At present, the analysis of the STR short tandem repeat sequence usually needs professional analysis software to read and analyze the original data generated by a sequencer. In the process of reading, analyzing and converting, a complex algorithm is needed to be used for calculation according to a gene specific rule and a mathematical formula. The analysis of the raw data currently relies on foreign analysis software and is limited to sequencing analysis of the 5-color fluorescence channel. Aiming at 8-color and 9-color fluorescence channels, effective analysis cannot be carried out at home, and the overall situation of DNA identification of forensic medicine in China is delayed.
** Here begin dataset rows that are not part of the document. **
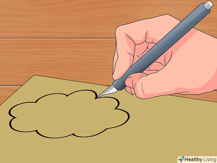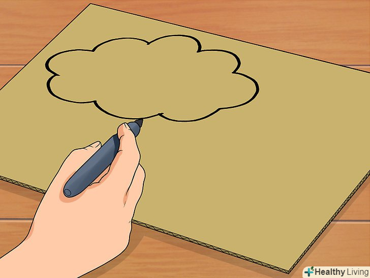 Виріжте хмару з картону. Візьміть гострі ножиці або канцелярський ніж, щоб вирізати хмару по контуру. Коли шаблон буде готовий, зайвий картон можна викинути. [9]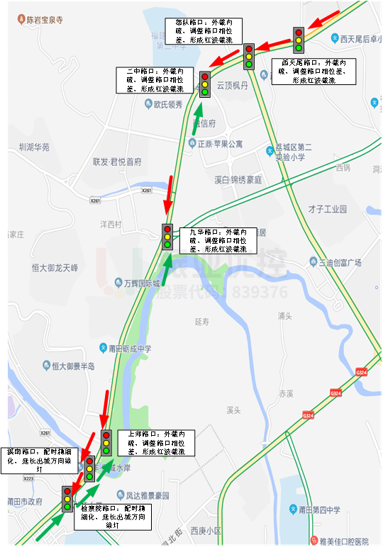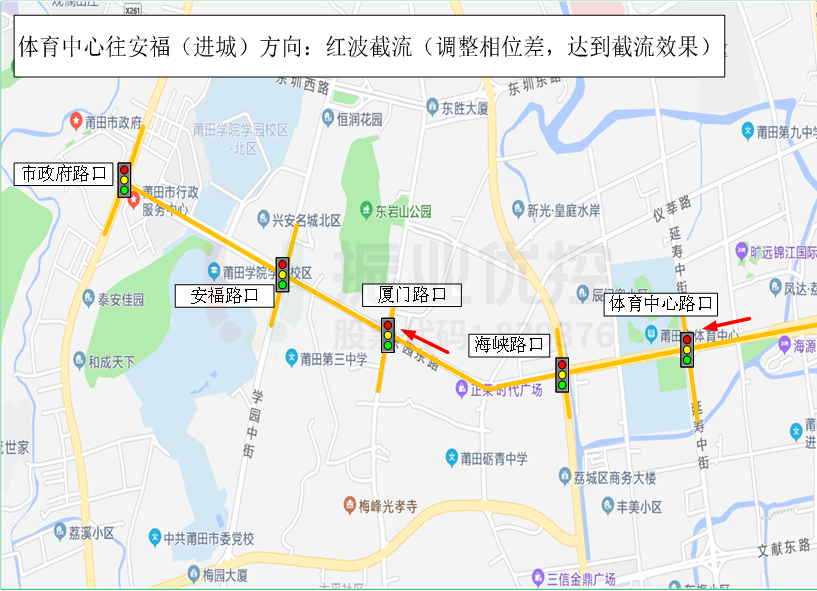 (2)荔城大道路段进城方向(西天尾往检察院)实施红波截流, 减少下郑路口往检察院方向的车流量。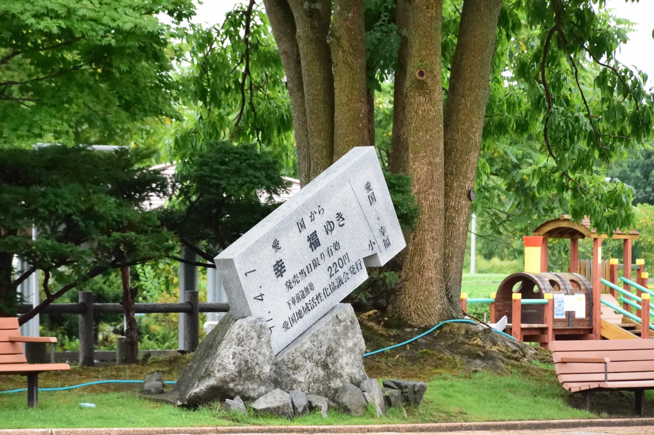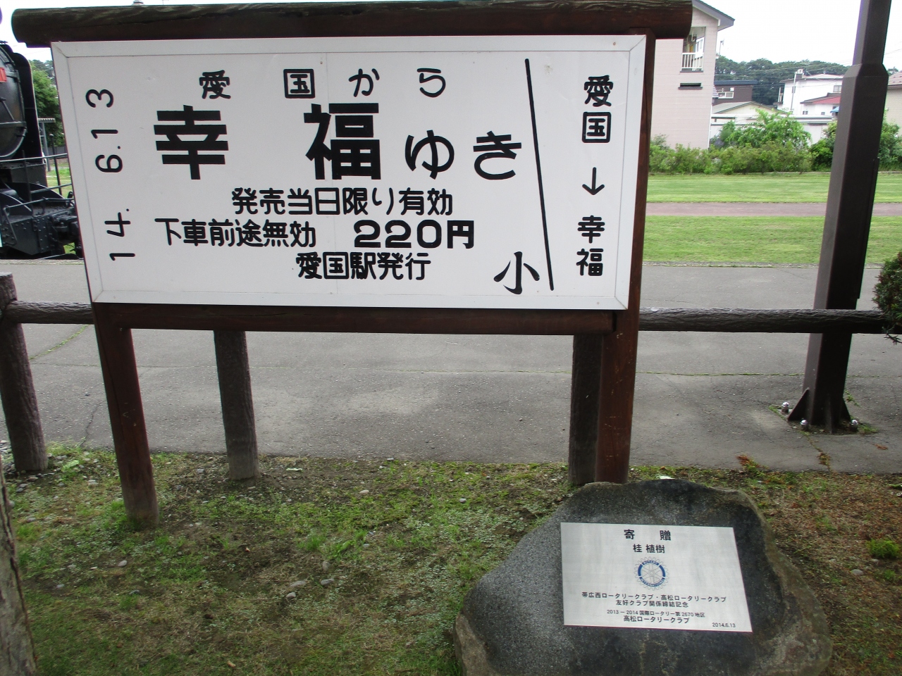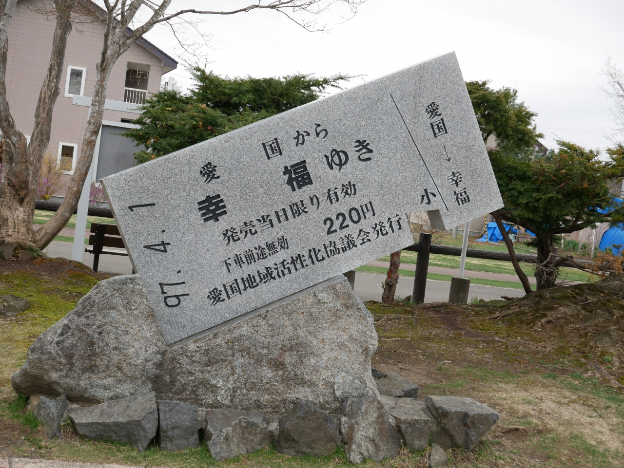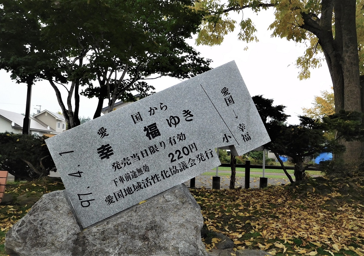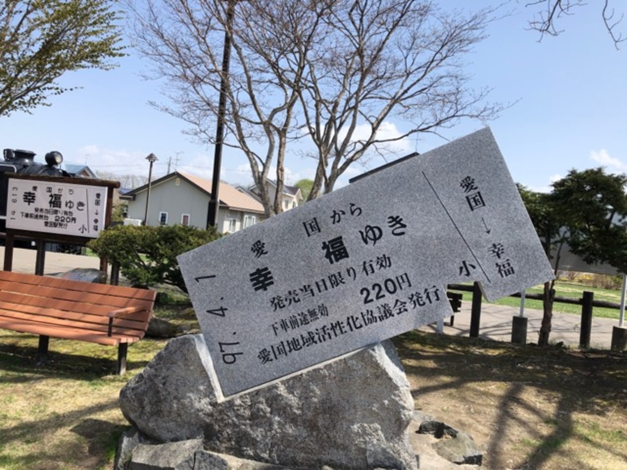 1970年代にブームになった、愛国駅→幸福駅ゆきのきっぷの形そのままの石碑がありました! 写真撮影スポットとしても空いてるので良いかも。

The prior art has the defects that 1, the prior domestic known short tandem repeat STR8 color and 9 color primary data analysis has the phenomena of missing peaks, wrong peaks, misjudgment and the like due to the problems of the analysis method, so that accurate gene sequencing analysis can not be carried out, and the domestic DNA sequencing is greatly hindered. 2. All the kits which are common in insomnia cannot be perfectly compatible, and the analysis fragment combination internal standard rule needs to be adjusted independently according to different kits. 3. The existing judgment method set by analysis software only aims at 5-color fluorescence channels, and the number of detectable loci is rapidly increased due to the continuous improvement of the sensitivity of the existing reagent, so that the 5-color fluorescence channels cannot be met. There is a need for assays that support more color fluorescence channels. 4. The analysis method used at present needs to judge some peak types manually in the data analysis process, and the experimenters have abundant analysis experience to make accurate analysis and judgment, so that the threshold of entrance for analysis is high, and the method cannot be popularized.
Disclosure of Invention
The present invention aims to provide a method for analyzing STR gene data to solve the problems in the background art.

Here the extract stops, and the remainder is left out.